(EXERCISE MATERIALS):
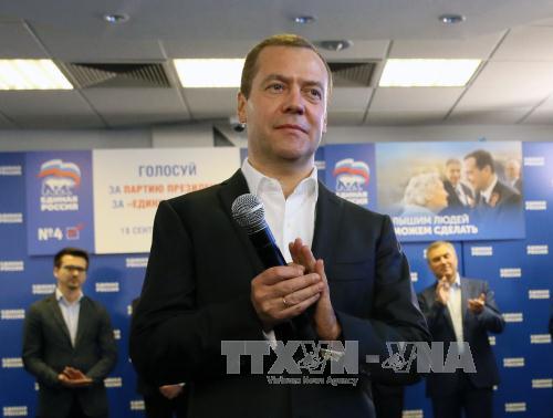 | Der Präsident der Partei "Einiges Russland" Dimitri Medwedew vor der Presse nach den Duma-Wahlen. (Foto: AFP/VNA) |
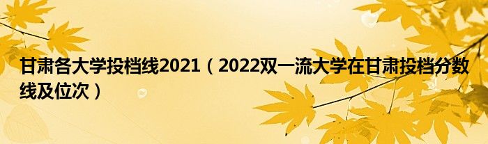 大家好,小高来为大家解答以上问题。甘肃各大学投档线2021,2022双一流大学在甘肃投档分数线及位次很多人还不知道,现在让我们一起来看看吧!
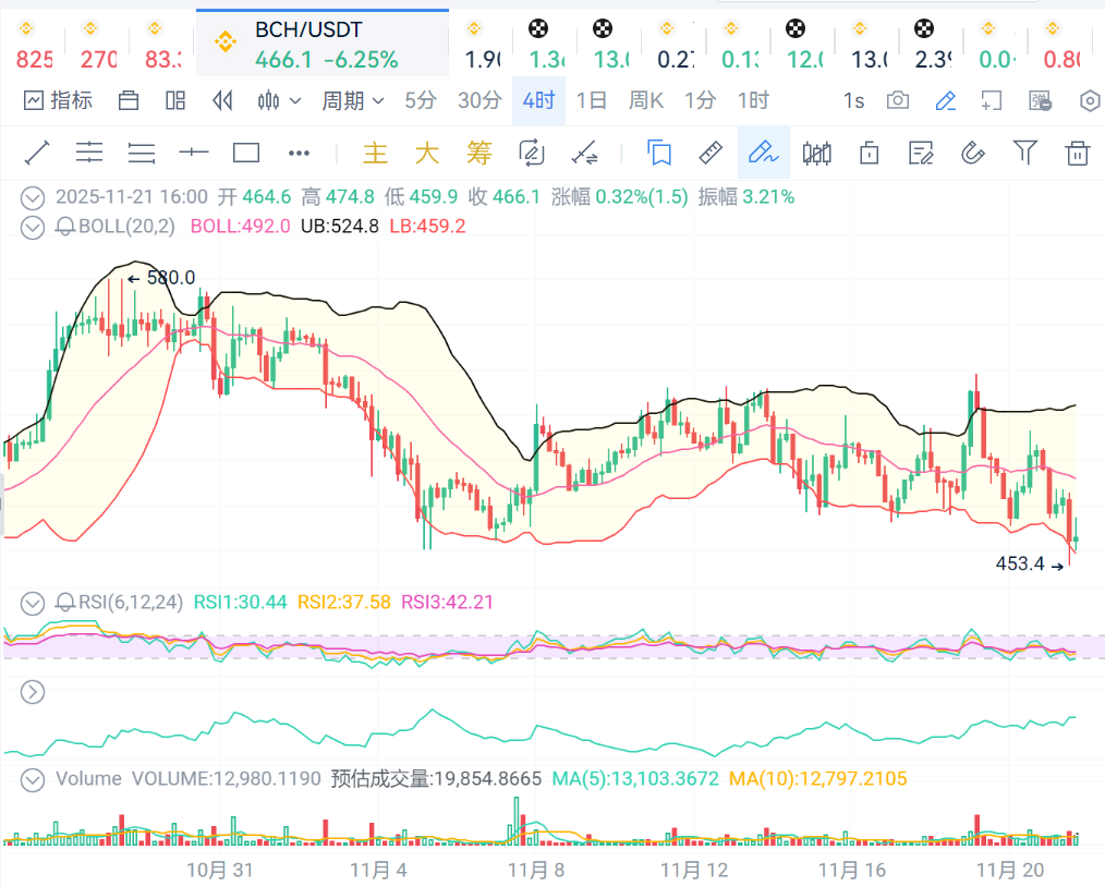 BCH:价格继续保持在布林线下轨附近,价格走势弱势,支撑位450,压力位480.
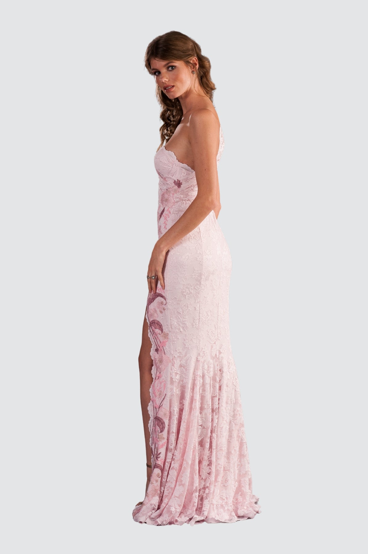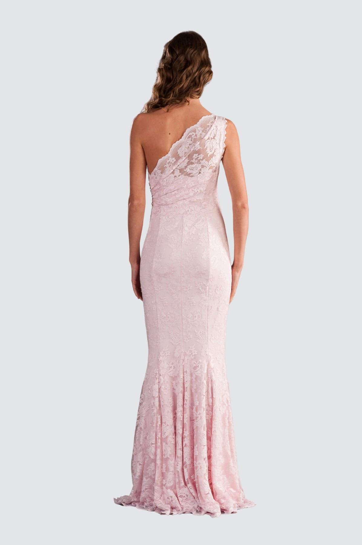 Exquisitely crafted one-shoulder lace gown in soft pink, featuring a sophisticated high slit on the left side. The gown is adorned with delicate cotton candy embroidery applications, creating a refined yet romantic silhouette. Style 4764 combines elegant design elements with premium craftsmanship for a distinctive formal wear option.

---

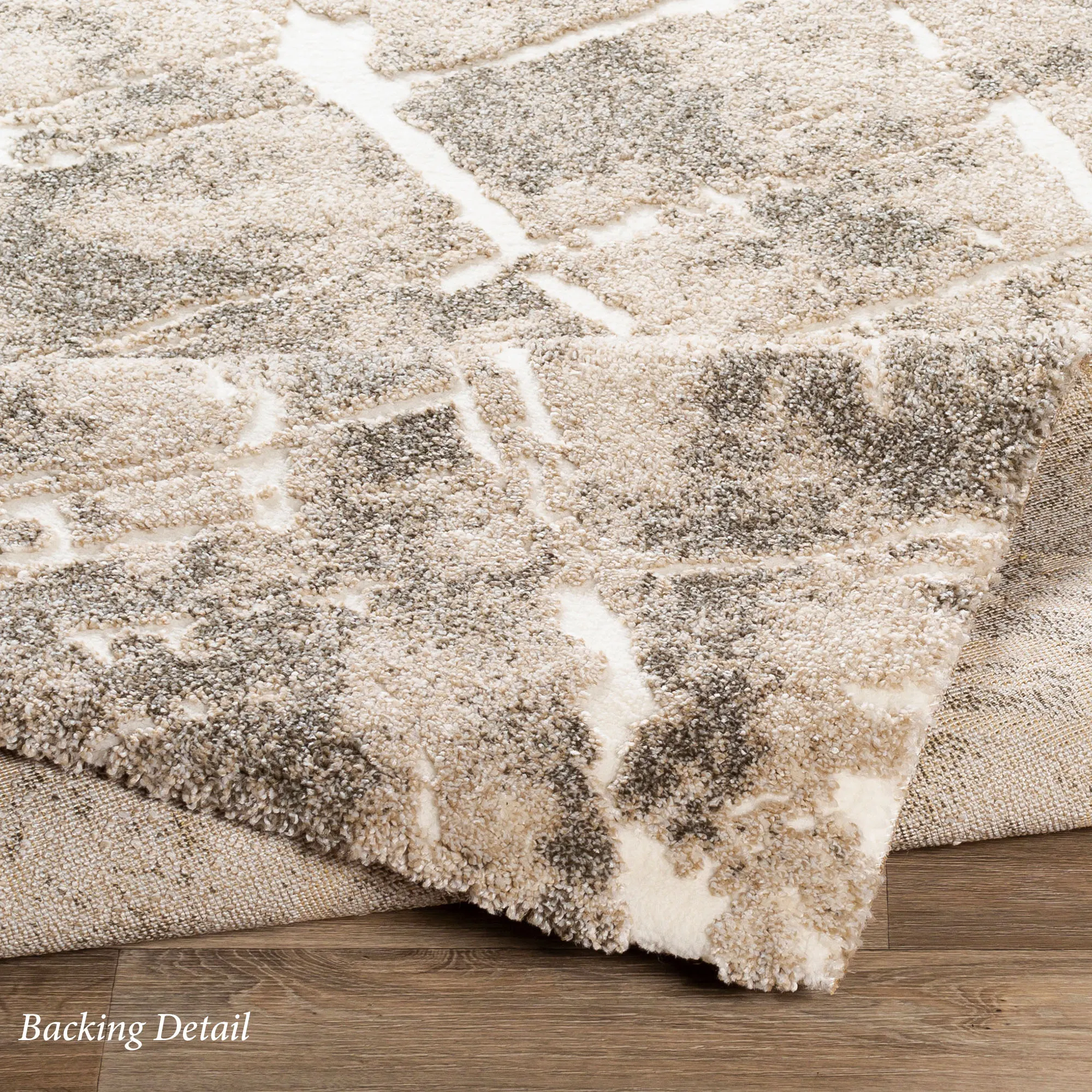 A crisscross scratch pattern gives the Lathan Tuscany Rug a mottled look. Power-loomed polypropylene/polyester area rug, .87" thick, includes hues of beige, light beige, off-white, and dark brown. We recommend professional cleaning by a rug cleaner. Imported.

(WORK REQUEST):
Output exactly those lines of the data above that run from the line with "大家好,小高来为大家解答以上" up to and including the line with "Exquisitely crafted one-shoulder". No pictures go in.

(ANSWER TO THIS PROBLEM):
 大家好,小高来为大家解答以上问题。甘肃各大学投档线2021,2022双一流大学在甘肃投档分数线及位次很多人还不知道,现在让我们一起来看看吧!
 BCH:价格继续保持在布林线下轨附近,价格走势弱势,支撑位450,压力位480.
 Exquisitely crafted one-shoulder lace gown in soft pink, featuring a sophisticated high slit on the left side. The gown is adorned with delicate cotton candy embroidery applications, creating a refined yet romantic silhouette. Style 4764 combines elegant design elements with premium craftsmanship for a distinctive formal wear option.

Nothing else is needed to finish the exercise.